Билли открыл для девушки банку с пивом и так разволновался от ее веселой улыбки и «Спасибо, Билли», что стал открывать банки всем подряд.
А голуби кипятились на тротуаре и расхаживали взад и вперед, заложив руки за спину.
Я сидел в машине, чувствовал себя здоровым и свежим, попивал пиво; мне было слышно, как оно проходит внутрь — зззт, зззт, — так примерно. Я уже забыл, что бывают на свете хорошие звуки и хороший вкус вроде вкуса и звука пива, когда оно проходит тебе внутрь. Я снова сделал большой глоток и стал озираться — что еще забылось за двадцать лет?
— Ребята! — Сказал Макмерфи, вытолкнув девушку из-за руля и притиснув к Билли. — Вы только поглядите, как большой вождь глушит огненную воду! — И рванул с места, сразу в гущу движения, а доктор с визгом шин помчался за ним.
Он показал нам, чего можно добиться даже небольшой смелостью и куражом, и мы решили, что он уже научил нас ими пользоваться.
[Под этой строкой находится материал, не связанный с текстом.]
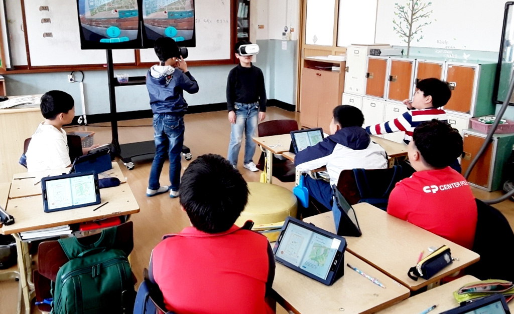 디지털교과서의 연계 실감형 콘텐츠는 학생들의 진로교육, 안전교육에도 유용하게 활용되고 있습니다. 물놀이 안전이나 지진 비상대피 등의 안전교육은 말로만 설명하는 것보다 실감 나는 콘텐츠를 활용하여 교육하는 것이 훨씬 효과적이잖아요? VR을 이용해 대피훈련을 체험해보면 더욱 기억이 잘 남고 아이들의 집중력도 높아질 수 있을 것 같습니다!
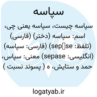 اسم: سپاسه (دختر) (فارسی) (تلفظ: sepāse) (فارسی: سپاسه) (انگلیسی: sepase)
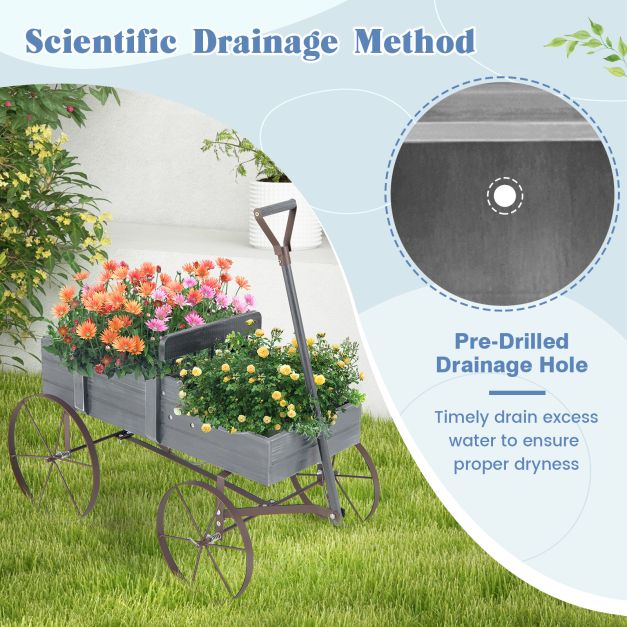 Wood Wagon Flower Planter with Wheels and 2 Planting Sections-Grey
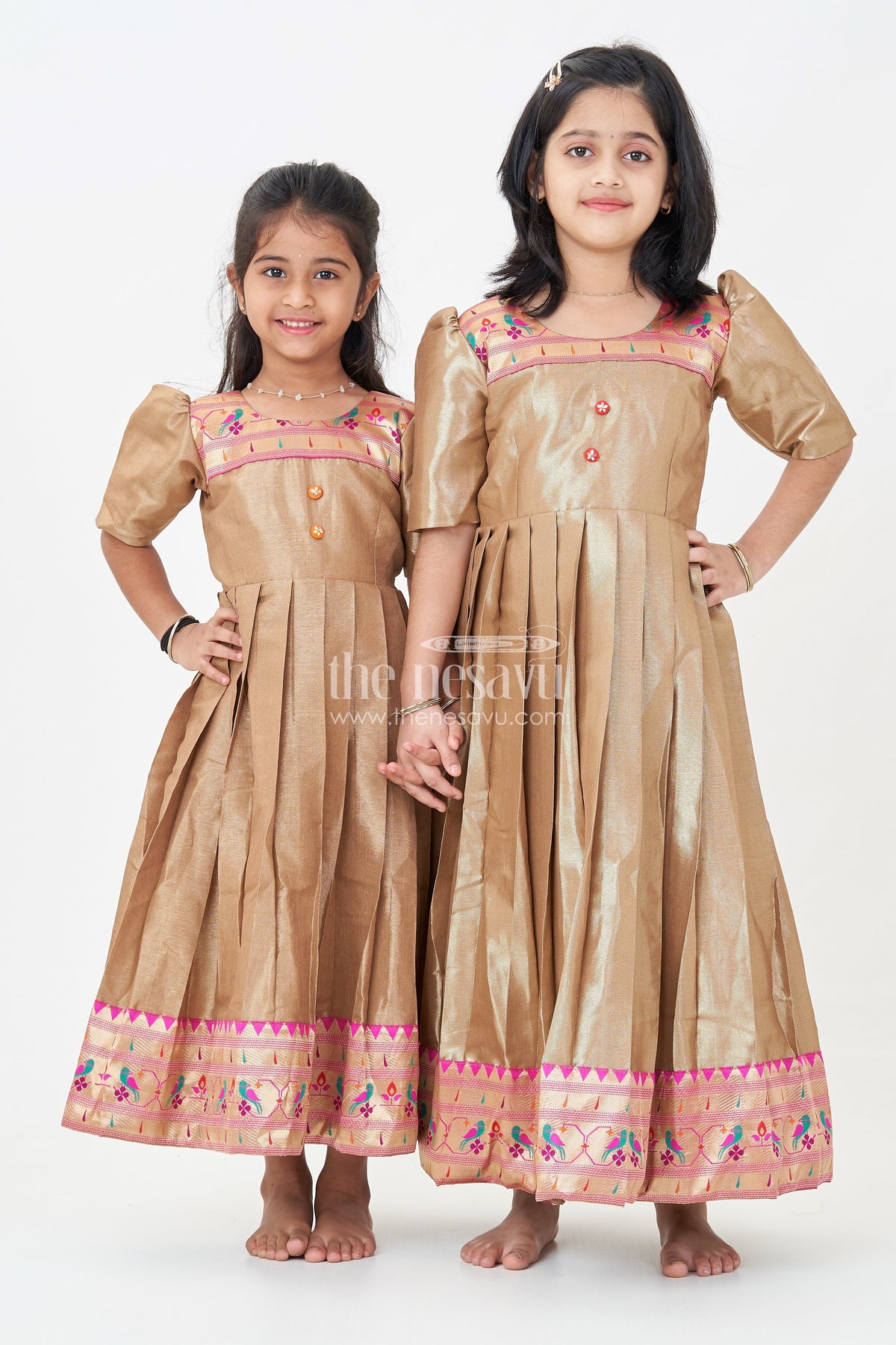 Yellow gold gown for girls from Nesavu is a beautiful blend of cultural opulence and modern tailoring. This stunning gown is crafted from golden-toned tissue silk and highlighted with a vibrant Paithani border at the hem, bringing festive radiance to life. The short-sleeved design and neatly pleated skirt offer ease of movement and a regal silhouette. Designed for traditional occasions, weddings, and temple visits, this gown ensures comfort through breathable fabric while delivering a heritage-inspired look. The shimmering finish and intricate detailing make this a memorable outfit for special moments.

Всю дорогу до самого берега мы играли в смелость. Перед светофорами, когда люди начинали разглядывать нас и наши зеленые костюмы, мы вели себя в точности как он: сидели прямые, сильные, суровые и с широкой улыбкой смотрели им прямо в глаза, так что у них глохли моторы и слепли от солнца окна, и, когда зажигался зеленый свет, они продолжали стоять в сильном расстройстве оттого, что рядом ватага страшных обезьян, а на помощь звать некого.
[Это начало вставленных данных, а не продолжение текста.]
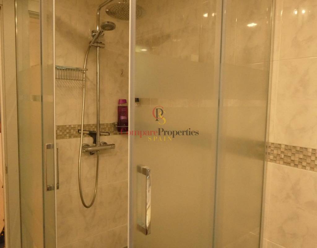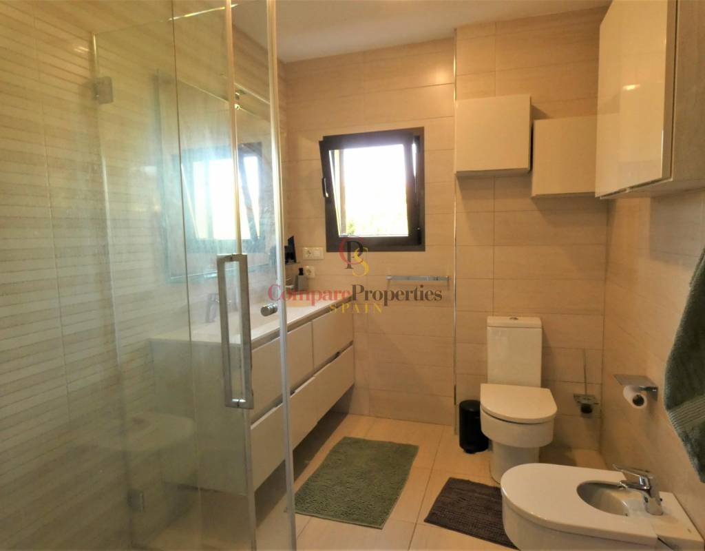 Op de 1e verdieping zijn nog 3 slaapkamers, waarbij de hoofd slaapkamer een separate ruimte biedt voor een babykamer of kleding ruimte. Er bevindt zich nog een badkamer en een ruim balkonterras waarvan met prachtig zeezicht heeft en uitzicht op de Peñon de Ifach.
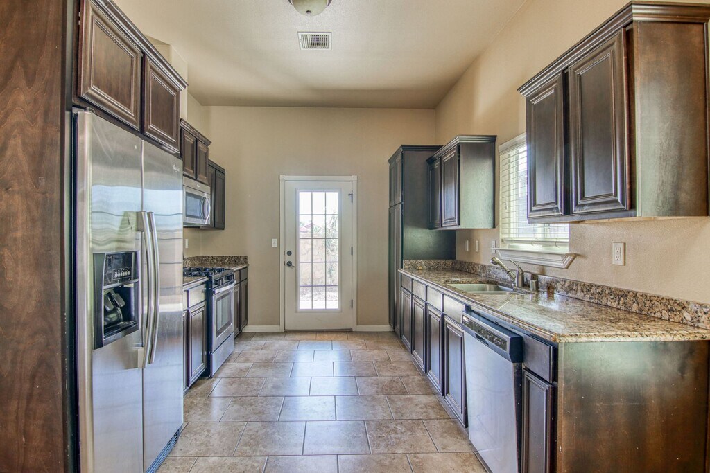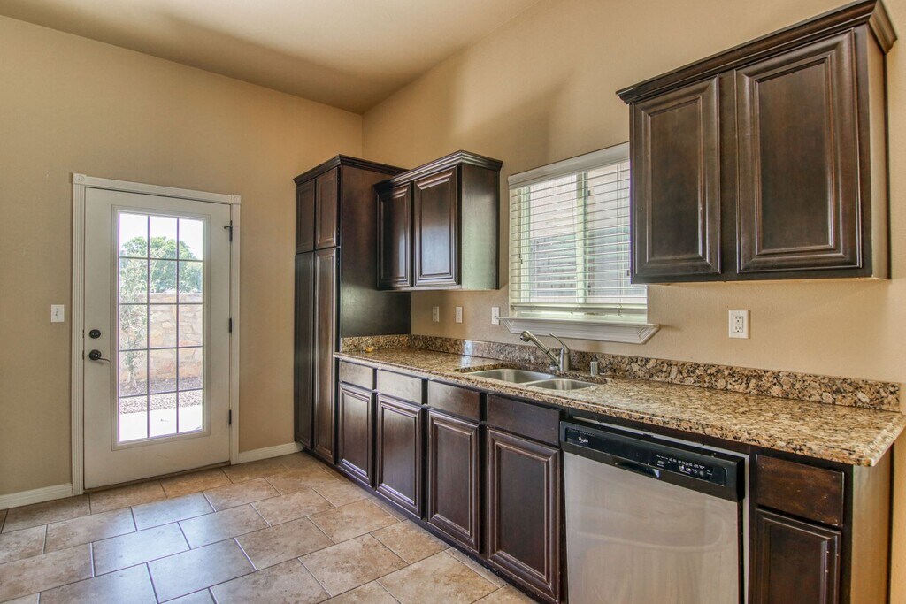 Beautiful 3 bedrooms 2 baths house with a kitchen with All stainless steel appliances including, dishwasher, refrigerator, microwave hood, stove and garbage disposal. Double door laundry section is open to the home with washer and dryer hookups and additional cabinet space. The carpeted master bedroom has a walk-in closet, ceiling fan and private master bathroom. Master bathroom has a dark wood vanity with double sinks and an exquisite tiled walk-in shower. Elegant bronzed fixtures throughout give this home a luxurious feel. Refrigerated air and double car garage. Located off Montana and close to Fort Bliss and 375 loop and Providence Hospital, this gated community has a clubhouse with pool, tennis & basketball courts & playground & Gym in club house. Please note that water bill is included in the rent. Minimum of 12 month lease or more ... $250 dlls each pet deposit (max 2) Non- refundable Application fee $50 each 18 years and older. Verify the schools. WATER INCLUDED This listing is submitted subject to errors, omissions or changes with out notice.

И мы, двенадцать, во главе с Макмерфи, ехали к океану.
Макмерфи, наверно, лучше всех понимал, что кураж у нас напускной — ему до сих пор не удалось никого рассмешить. Может быть, он не понимал, почему мы еще не хотим смеяться, но понимал, что по-настоящему сильным до тех пор не будешь, пока не научишься видеть во всем смешную сторону. И между прочим, он так старался показать нам смешную сторону вещей, что я даже засомневался: а видит ли он вообще другую сторону, может ли понять, что это такое — обугленный смех у тебя в сердцевине? Может быть, и остальные не могли этого понять, а только чувствовали давление разных лучей и частот, которые бьют тебя со всех сторон, гнут и толкают то туда, то сюда, чувствовали работу комбината — я же ее
Перемену в человеке замечаешь после разлуки, а если видишься с ним все время, изо дня в день, не заметишь, потому что меняется он постепенно. По всему побережью я замечал признаки того, чего добился комбинат, пока меня тут не было, — такие, например, вещи: на станции остановился поезд и отложил цепочку взрослых мужчин в зеркально одинаковых костюмах и штампованных шляпах, отложил, как выводок насекомых, полуживых созданий, которые высыпались — фт-фт-фт — из последнего вагона, а потом загудел своим электрическим гудком и двинулся дальше по испорченной земле, чтобы отложить где-то еще один выводок.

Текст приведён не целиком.